Making sense of my senses and other weirdnesses

Ahhhhhhhhh Beltane/ May Day! Whatever you celebrate may you have a great day!
 Today I broke the self scan machine in Sainsburys, I never wanted to use the damn thing but there was no one on the damn tills so I was forced into it, I don't like being forced in to using/doing anything so things went a bit haywire! I also fought to use my mobile phone (I don't like them either) and had to reboot it twice and then at retinal screening the brand new scanning machine decided to have a wiggy when I had been in there :/ This happens every so often, tills and card machines, computers etc can all be affected.
Art by Alice Mason

 Also I have run ins with none electrical things like metal rails, metal beds etc. I remember once when I was making a bed in a hospital I saw a bolt of electricity shoot out from the bed into my knee which then gave way beneath me!
 I must have an electric personality or something lol.
 Other weird things that have happened to me over the years are due to my high sensitivity with my senses. I remember walking into a local supermarket and standing by the freezers I could smell plastic/electrical burning. I mentioned it to a member of staff, she came over and sniffed, but she couldn't smell a thing. She went and got someone else and in the end there were a whole bunch of us stood there sniffing but I was the only one who could smell it and they began to brush me off and in the end I had no choice but to leave.

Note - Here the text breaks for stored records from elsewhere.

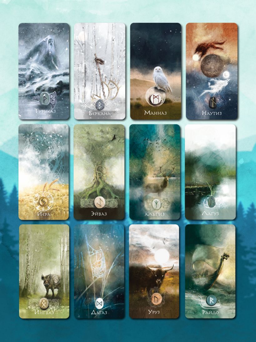• 24 карты-руны старшего футарка с атмосферными иллюстрациями Сары Мотте;
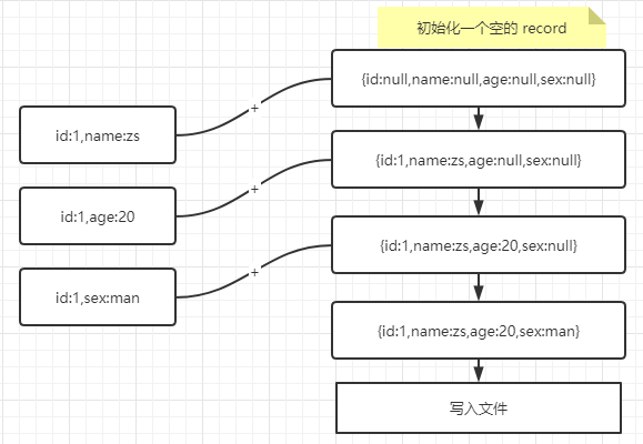 对于 StreamWriteFunction 在 Insert 场景中,假如收到了如下 3 条数据 {id:1,name:zs},{id:1,age:20},{id:1,sex:man},在执行 flush 时会创建一个全字段的空记录 {id:null,name:null,age:null,sex:null},然后依次和 3 条记录进行合并。注意,这个合并过程只会选择有效字段的合并。如下图:
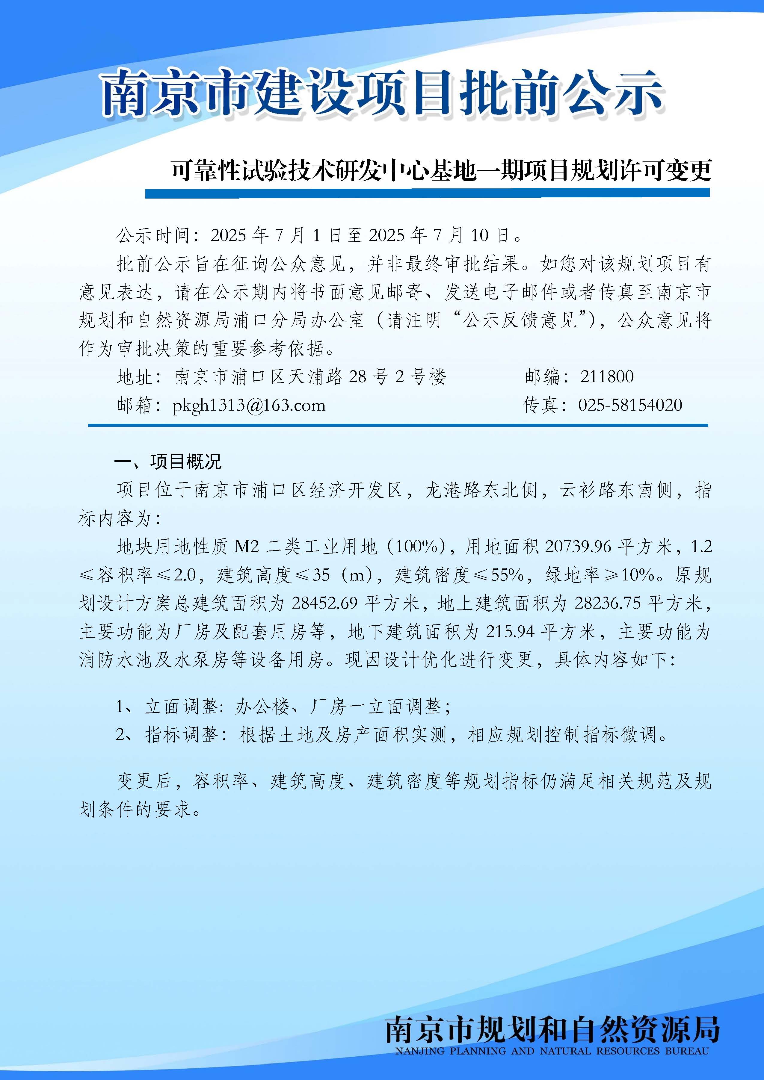 可靠性试验技术研发中心基地一期项目规划许可变更
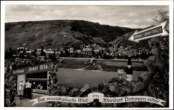 Ak Pommern an der Mosel, Ortspanorama, Gasthaus Onkel Otto, Wein
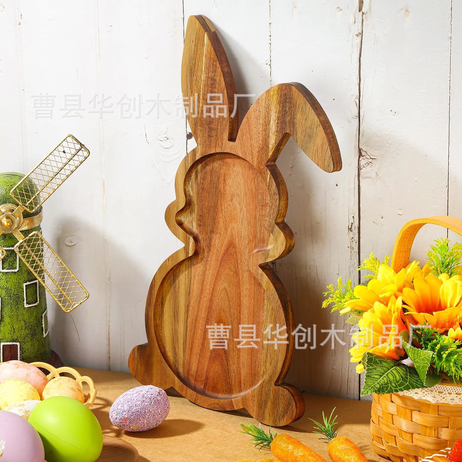 부활절 토끼 트레이 창조적 인 디너 플레이트 만화 주방 나무 도마 아기 식품 보충 나무 트레이 빵 트레이
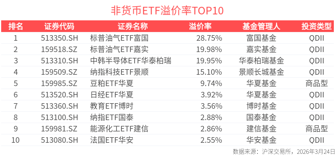 截至今日收盘,标普石油与天然气的勘探与生产精选行业指数溢价居前,标普油气ETF富国、标普油气ETF嘉实,分别收盘溢价28.75%、19.98%;中证韩交所中韩半导体指数情绪高涨,中韩半导体ETF华泰柏瑞收盘溢价19.95%。
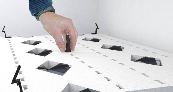 Als Trockenbausystem ist das PYD-ALU Topmodul geeignet für den Einsatz als Heiz- und Kühldecke unter Gipsfaserplatten. Die patentierten Modulhalter bieten eine einfache Lösung für die werkzeuglose Montage. Da das 16 mm starke PE-RT-Systemrohr erst nach der Befestigung der Module an der Decke verlegt wird, sind Rohrverbindungen innerhalb der Systemfläche überflüssig. Das PYD-ALU Topmodul kann darüber hinaus mit geringem Aufwand und direkt auf der Baustelle an die jeweiligen Anforderungen angepasst werden.
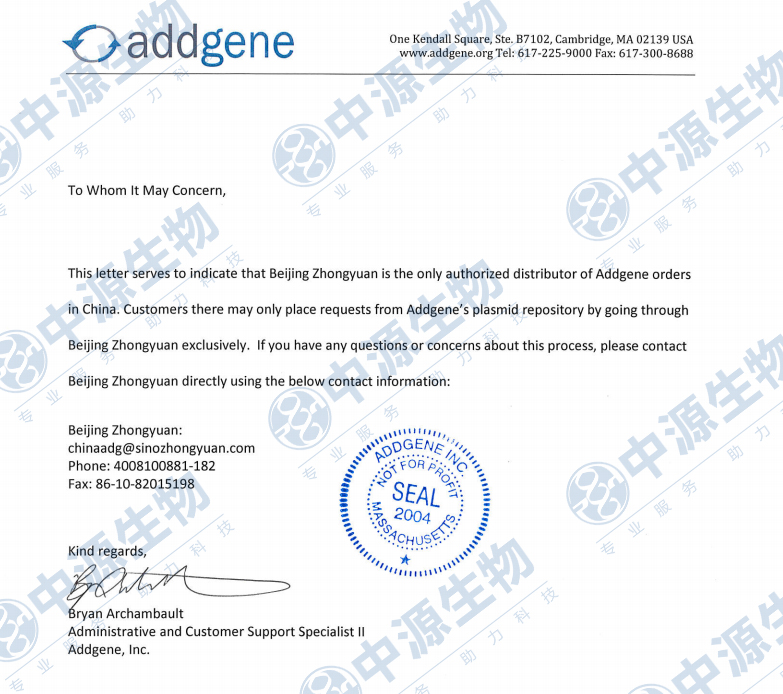 Addgene指定北京中源合聚生物科技有限公司為其中國大陸獨家授權代理商,授權可在Addgene官方網站 https://www.addgene.org/ordering/international/ 上查詢確認。
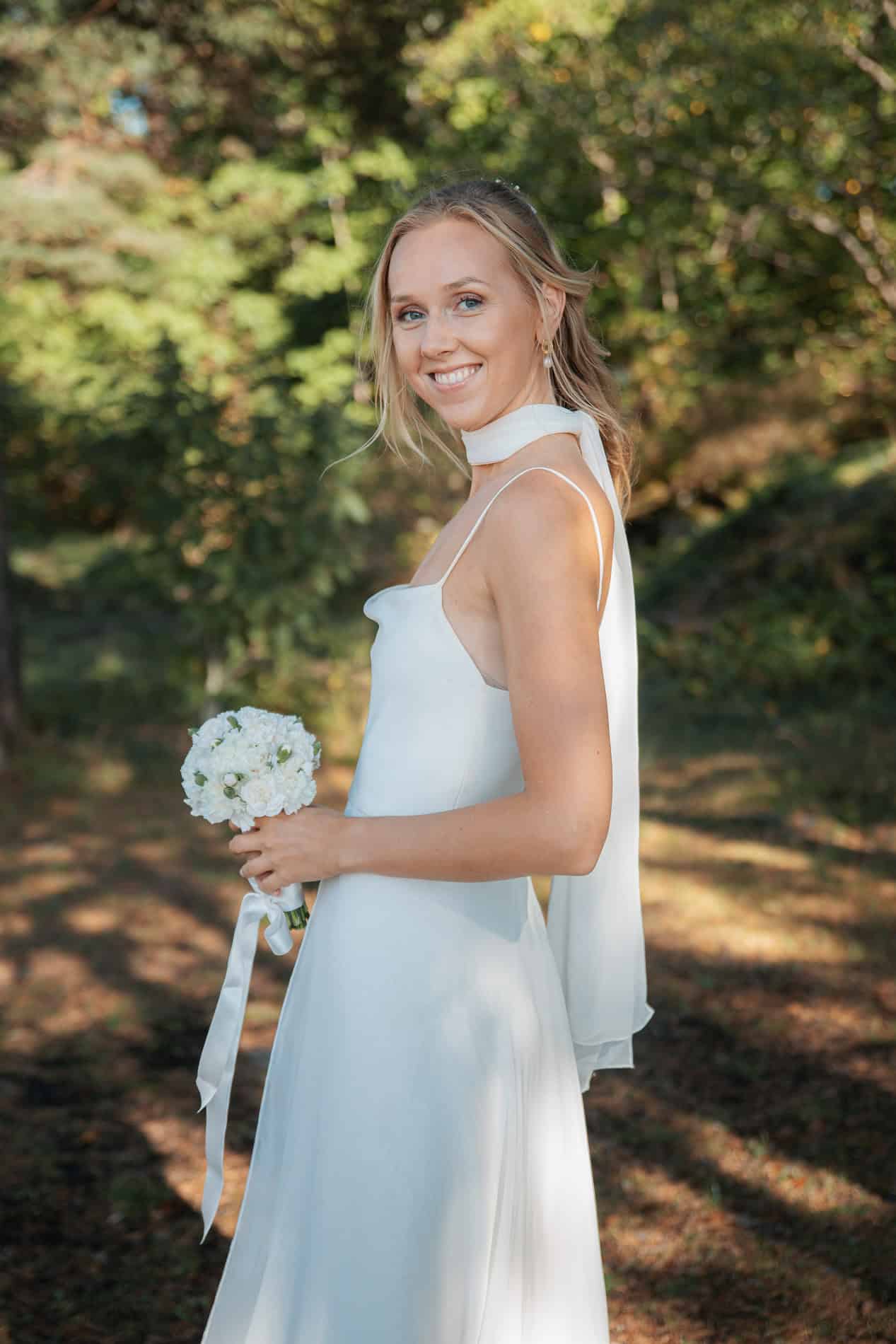 Tips: Legg brudebildene til enten tidlig om morgenen eller et par timer før solnedgang. Da unngår dere høysommerlyset som er hardt og flatt – og dere får det myke, varme lyset som gjør hudtoner og kjoledetaljer virkelig vakre.

 The following day I went back in and all of the freezers were off. During the night they had electrical problems with the freezer which blew the fuse and they lost all of their frozen foods! Normally when I mention these things people ignore me and look at me like I have lost the plot only to regret that decision later on.
Blackkthorn blossom photo taken by me Lisa in my garden

Another thing is that I can feel changes in heat. Many times I have to check that I turned the cooker off because I am picking up heat from it only to find out that it's stone cold. When I am walking I feel sudden changes of heat like I have walked from a refrigerator into a heated room.

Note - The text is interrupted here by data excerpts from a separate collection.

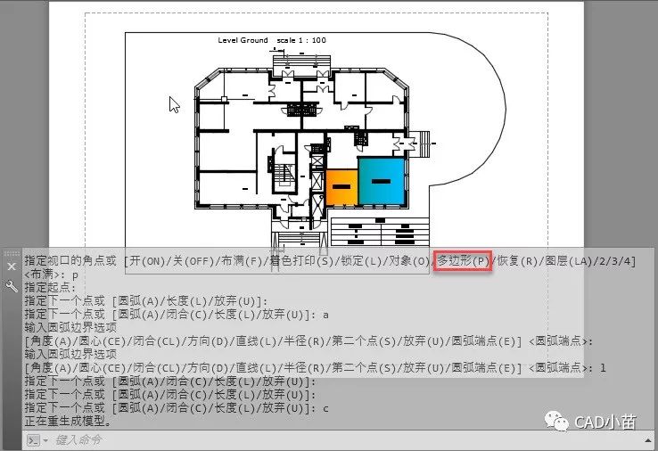 执行MV命令后,输入P选项,就可以直接在布局中绘制一个多边形的视口,绘制多边形的参数与多段线类似,也可以绘制弧线段,最后输入C闭合即可,如下图所示。
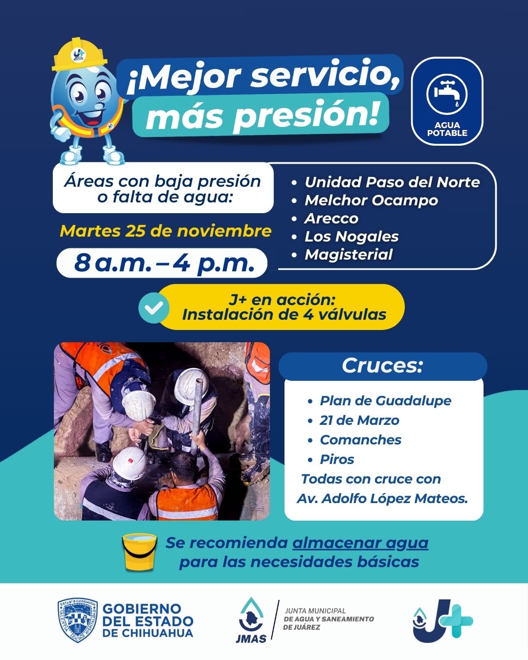 Este martes 25 de noviembre, el Departamento de Eficiencia Física de la Junta de Agua y Saneamiento de Juárez, instalará...
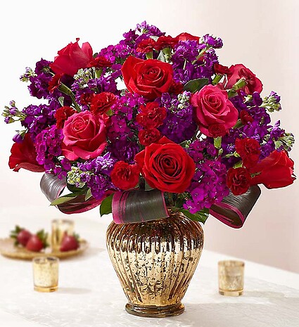 A beautiful celebration of color! Vivian Chang from 1-800-Flowers | Conroy’s in Los Angeles, California, filled this vibrant and luxurious bouquet with rich red and hot pink roses, burgundy mini carnations, purple dianthus and more inside a luxurious copper urn vase. Just one look will bring a bright smile to someone’s face!
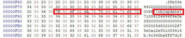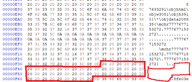 아래 사진은 rtfobj.py를 이용하여 추출한 OLE 객체의 데이터를 IDA의 Hex-View 기능을 통해서 살펴본 것이다.
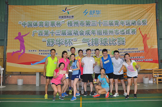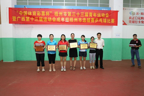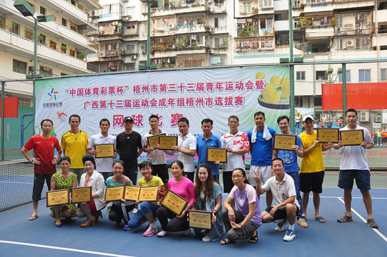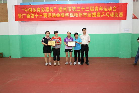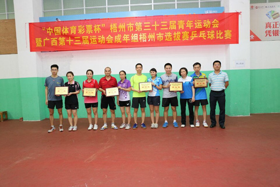 梧州市體育局副局長(zhǎng)譚漢忠混雙獲獎(jiǎng)選手合影留念
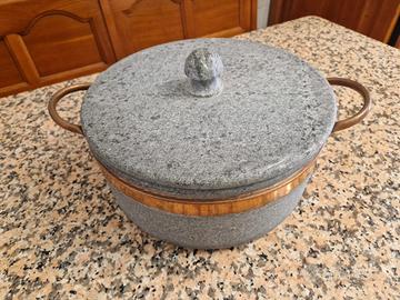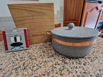 Casseruola in purissima pietra ollare, tornita con manicatura in rame: diametro 28 cm, alta con 2 maniglie e coperchio. Confezionata in cassetta di legno originale. NUOVA - MAI USATA. Dimensioni: Diametro cm 28, Altezza cm 12 Marca: PENTOLE AGNELLI PROFESSIONAL COOKWARE in regalo una piastra radiante in ghisa smaltata per utilizzo su fiamma ritiro a mano su Roma, zona Appio Latino
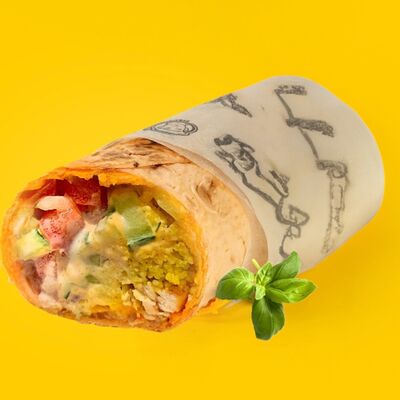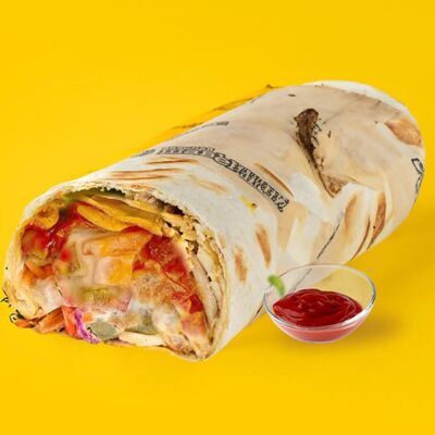 Лаваш сырный, мясо куриное готовое, помидоры, огурцы свежие, кускус, соус карри, соус шаверма

 Sounds are another 'gift' I have. I have very sensitive hearing, dog whistles are deafening to me, and I can pick up the slightest sound which can drive me crazy and can give me bad headaches. My family still think Im more than a little crazy but they know what I'm like and they have to deal with it, even when I snap at them and tell them to put the tissue down as the sound is grating on my every nerve. Also clothes can sometimes sound noisy too...I know it sounds nuts but it's real and it can be hard to deal with.

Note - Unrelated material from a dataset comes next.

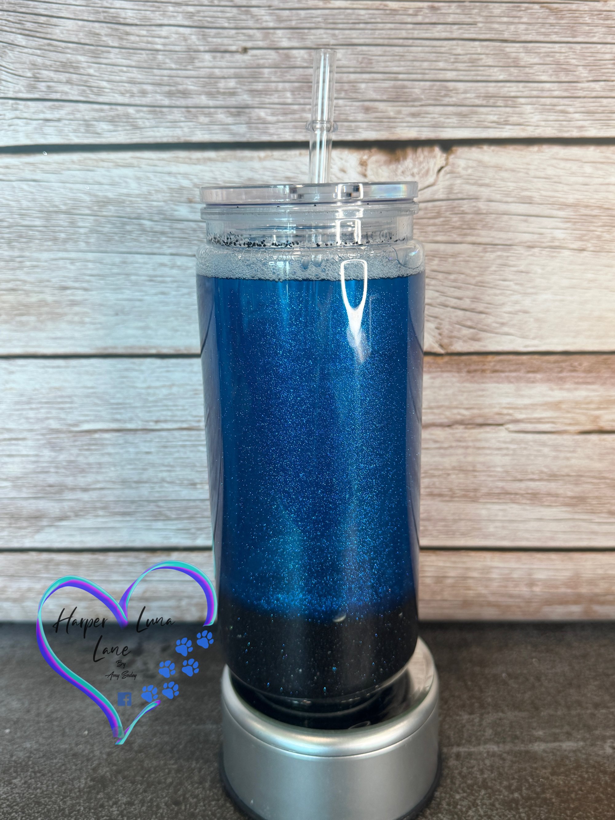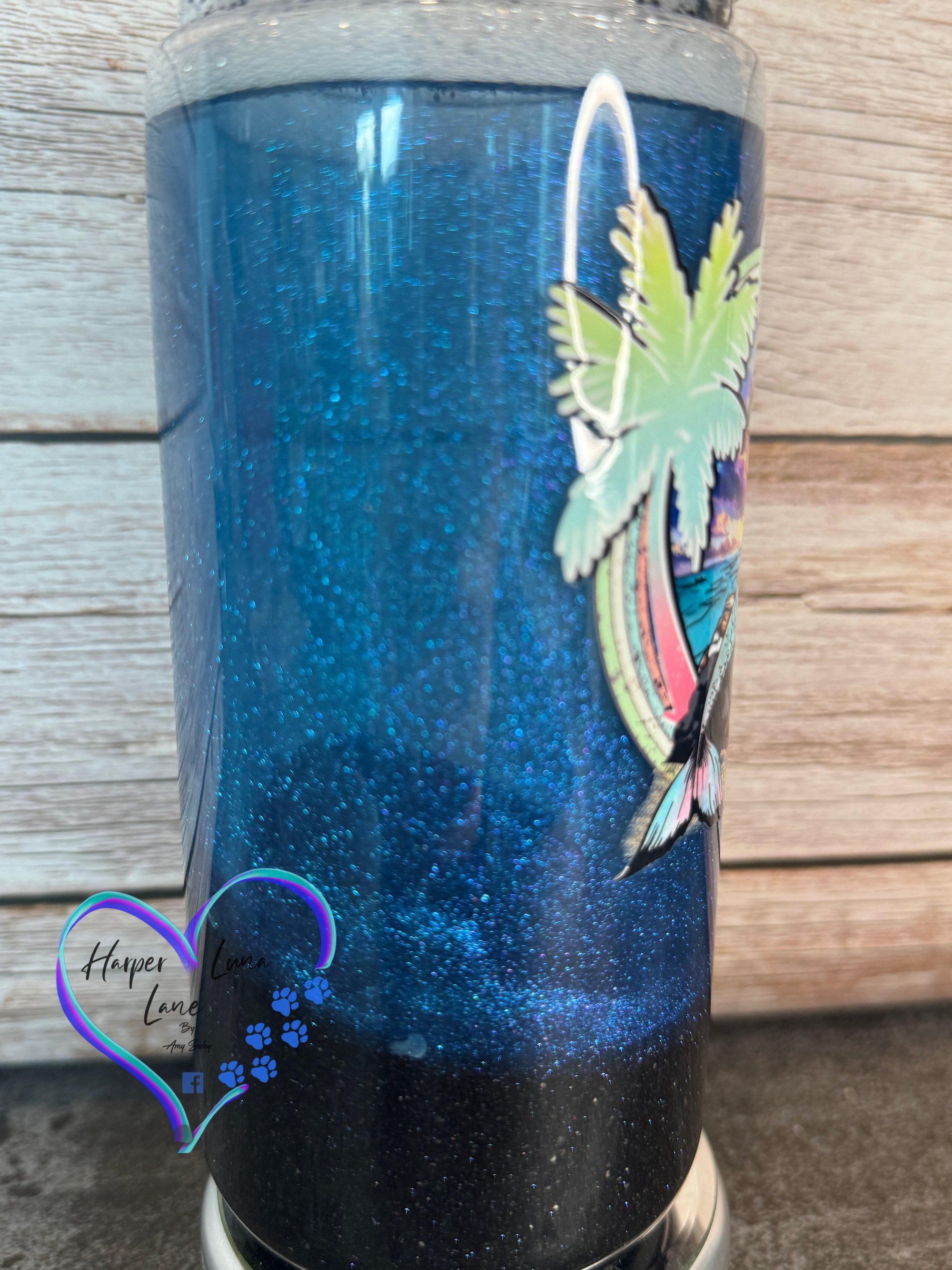 This is a unique snow globe style tumbler filled with sand, shells and colored shimmer fluid in the double walled acrylic tumbler.

 Add to that the ability to pick up on energy and emotions and it makes my life very interesting! LOL
Photographer unknown-If you know please let me know soI can give them the credit they deserve

So anyway back to May Day/Beltane. The May Blossom is beginning to flower whilst the blackthorn blossom is beginning to go over now. The bluebells are out in force and the countryside is sprouting in colours. My elder trees are already nearly ready to flower and my apple trees are blossoming like crazy. So beautiful!
 This time of year brings back memories of my Primary school when I was a kid. We used to celebrate May Day and we had a proper May pole. I remember dressing up and having flowers in my hair and I remember dancing around the pole. I can also remember that the playground was heaving with cherry blossom, lovely pink flowers that would fall and would look like butterflies. Along with that I can remember singing traditional English songs. We seem to be losing many of our indigenous customs and beliefs, we need to bring them back.